The pipeline above works well on solidWhiteRight.mp4 and solidYellowLeft.mp4. The resulting videos are stored in the folder test_videos_output.

Optional challenge

In order to take on the challenge video clip, I did the following modification to my pipeline.

  • I skipped the grayscale step for better contrast.
  • I made slope filtering more strict, i.e. to eliminate the horizontal edges.
  • Instead of using a simple linear regression, I incorporated RANSAC algorithm for outlier rejection.
  • I still fit endpoints using linear regression but only on the inliers.
  • RANSAC regression was implemented with scikit-learn library.
  • If no lane detected, skip this frame to prevent raising errors. (Not get used in the challenge actually.)
  • The resulting video are stored in the folder test_videos_output, named challenge.mp4.
  • The enhanced pipeline still works well on both solidWhiteRight.mp4 and solidYellowLeft.mp4.

2. Identify potential shortcomings with your current pipeline

  • RANSAC is an iterative algorithm, and therefore is potentially inefficient.

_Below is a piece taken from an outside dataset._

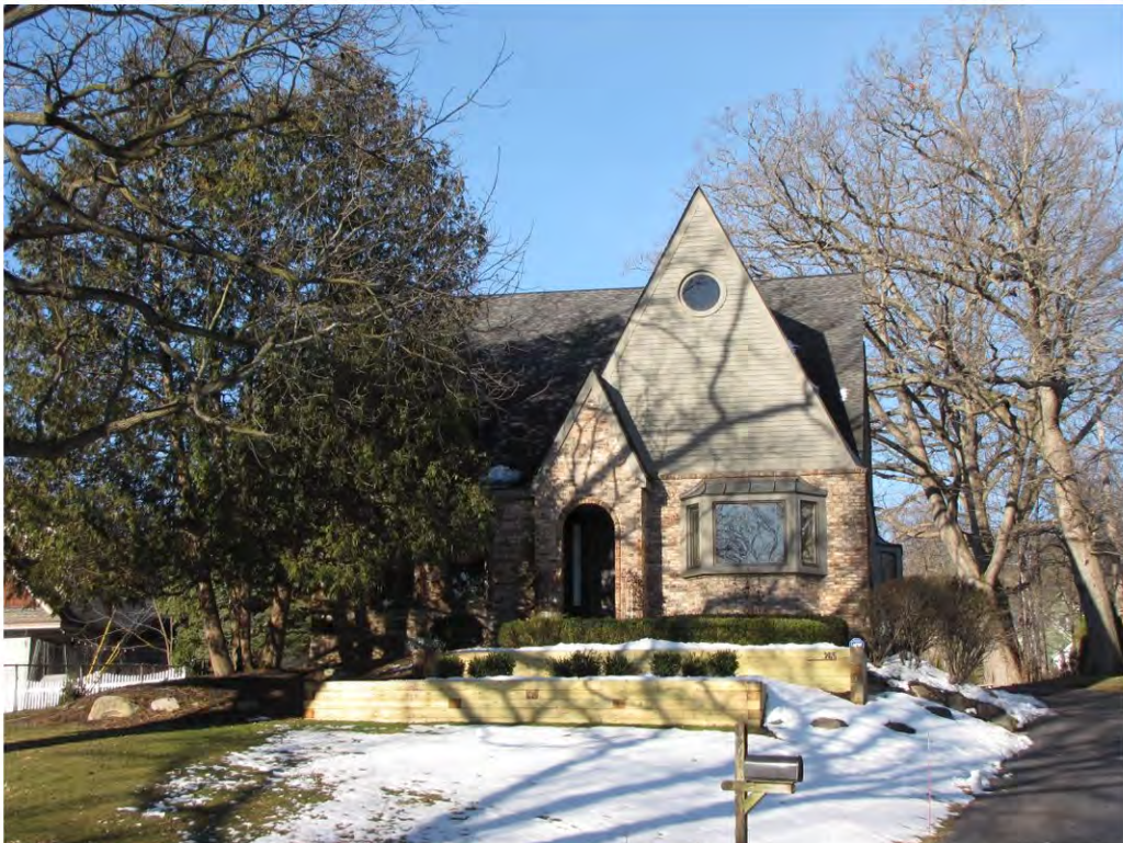
Linden 265_Looking West

  • The real-world pavement could be even more challenging than what happens in the video challenge.mp4, such as a ruleless break in cement concrete pavement. The current pipeline is using slope filtering which could fail on vertical breaks.

3. Suggest possible improvements to your pipeline

  • A possible improvement for the first shortcoming would be to enhance the preprocessing to make the input line segments to RANSAC as few as possible. So, RANSAC algorithm would work very fast on a small number of sample points.

  • A potential improvement for the second shortcoming could be to use color segmentation such as modeling the color probability.